Monday, November 19, 2012

Are you kidding me, IE Driver? Another freaking thing to download?

Every now and again, I come across someone who remembers that the IE driver used to be completely self-contained for all of the supported language bindings, and realizes they need to download IEDriverServer.exe for the driver to work in more recent versions. Often, the question comes up as to why there's now a separate executable. The question is sometimes phrased like this:
You mean I have to download yet another component to use the IE driver now? I hated it when the Chrome driver forced me to do the same thing, and now you want me to go through even more hoops? Man, you Selenium developer guys really suck!
Admittedly, the need to download another component is a slight inconvenience. However, there were a few good reasons why this path was chosen.

The original implementation of the native (C++) code of the IE driver was in a .dll. In most of the client language bindings, this .dll was extracted at runtime from whatever packaging solution was appropriate for the language. For Java, this meant extracting it from the .jar; for .NET, this meant extracting it from a resource packed into the WebDriver.dll assembly. Ruby and Python packaging mostly relied on files laid out on disk, so no extraction was needed, just a reference to the path of the .dll. The language binding would then use its native API (JNI for Java, P/Invoke for .NET, ctypes for Python, FFI for Ruby) to load the .dll and call the exposed API for starting the "server" portion of the IE driver.

This worked alright for a time, especially in simple scenarios, but the development team eventually started noticing subtle differences in behavior between language bindings. For example, because of the way the .NET bindings loaded and managed the native .dll, it was able to support simultaneous multiple instances of IE, while the Java bindings did not. The Ruby bindings should have supported multiple instances, because it modeled its native code management after the .NET mechanism, but the native code interface the bindings used, FFI, didn't allow a loaded native library to be unloaded (i.e., it didn't support a call to the FreeLibrary Win32 API). All of this came down to the fact that each language's native code interaction method had slightly different semantics from the others.

Something had to be done to unify the user experience across languages. As it happens, using a separate process is a much more consistent story, because each language binding can use its process management API. Why does that result in more consistency? Because process management is defined by the operating system, the various versions of Windows in the case of the IE driver.

A happy side effect of moving to a separate executable is in the realm of 32-bit vs. 64-bit versions of the browser. It's a limitation of Windows that a 32-bit process cannot load a 64-bit .dll, and vice versa. So, this meant that if your language runtime was 64-bit, you could only run your WebDriver code against the 64-bit version of IE, and if it was important to you to run your WebDriver code against the 32-bit version of IE, you were out of luck. If this sounds like a far-fetched scenario, I'll point out that this was the default situation for .NET running on a 64-bit version of Windows. However, there is no restriction on a 64-bit process launching a 32-bit process. With the introduction of the standalone executable, it would be possible to run WebDriver code against a 32-bit or a 64-bit version of IE, no matter what the "bitness" of your language runtime.
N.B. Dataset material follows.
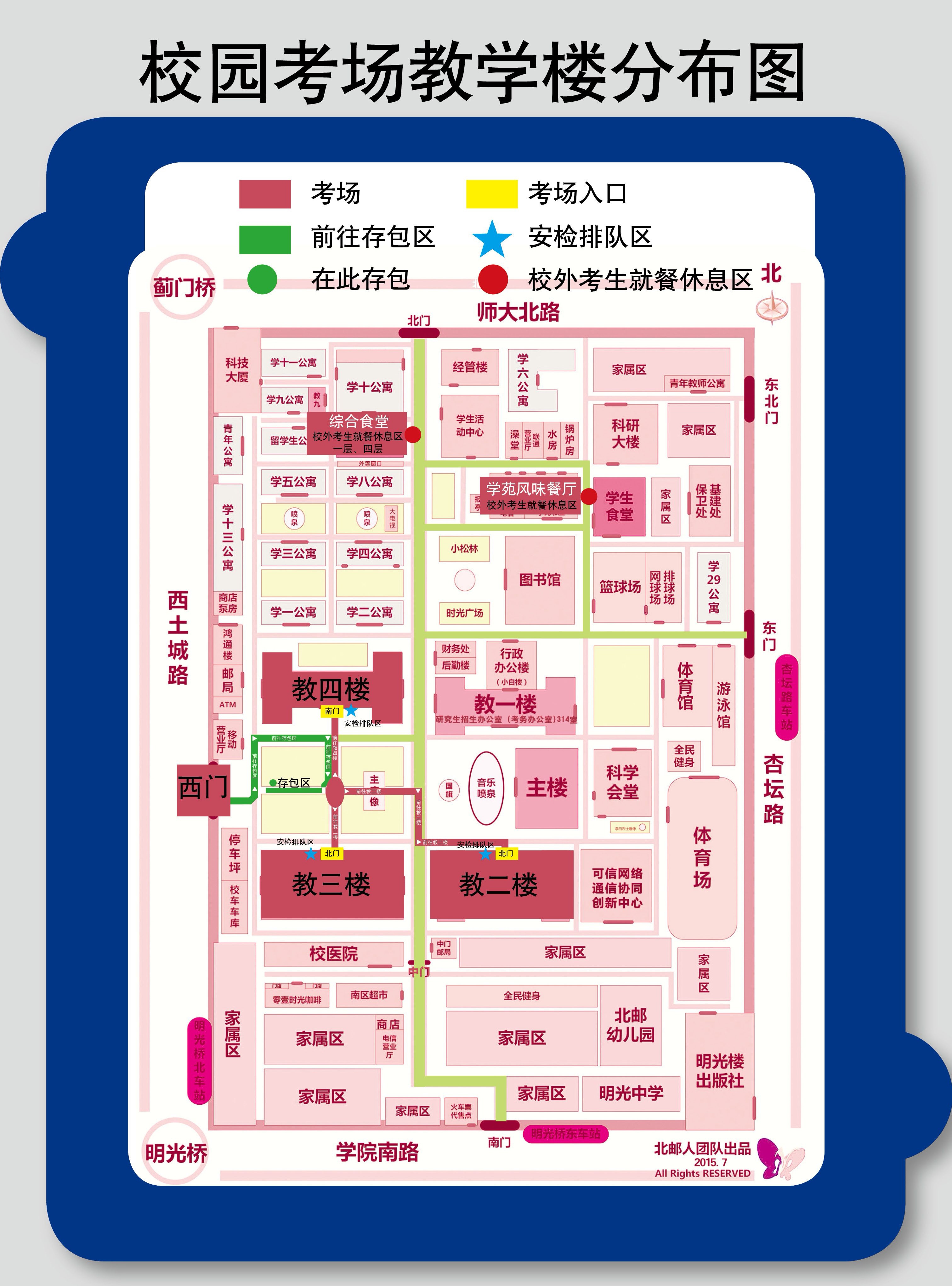 考试当天7:00开始允许考生进入校园,请考生由西土城(海淀)校区西门、沙河(昌平)校区南门进校。

Also, by moving the executable outside the normal delivery mechanism of the language bindings, delivery of the IE driver core is decoupled from full Selenium releases. That means it's possible to ship fixes in the IE driver without having to wait for a full release of Selenium. Since the introduction of the standalone IEDriverServer.exe executable, we've used this ability to deliver on bug fixes and functionality updates between releases of the language bindings.

Finally, the standalone executable is vastly easier to debug than a .dll loaded by the language bindings. Attaching to the standalone process is dead-simple from a debugger, and eliminates the guesswork of, "which java.exe (or ruby.exe or python.exe) process do I need to attach to?"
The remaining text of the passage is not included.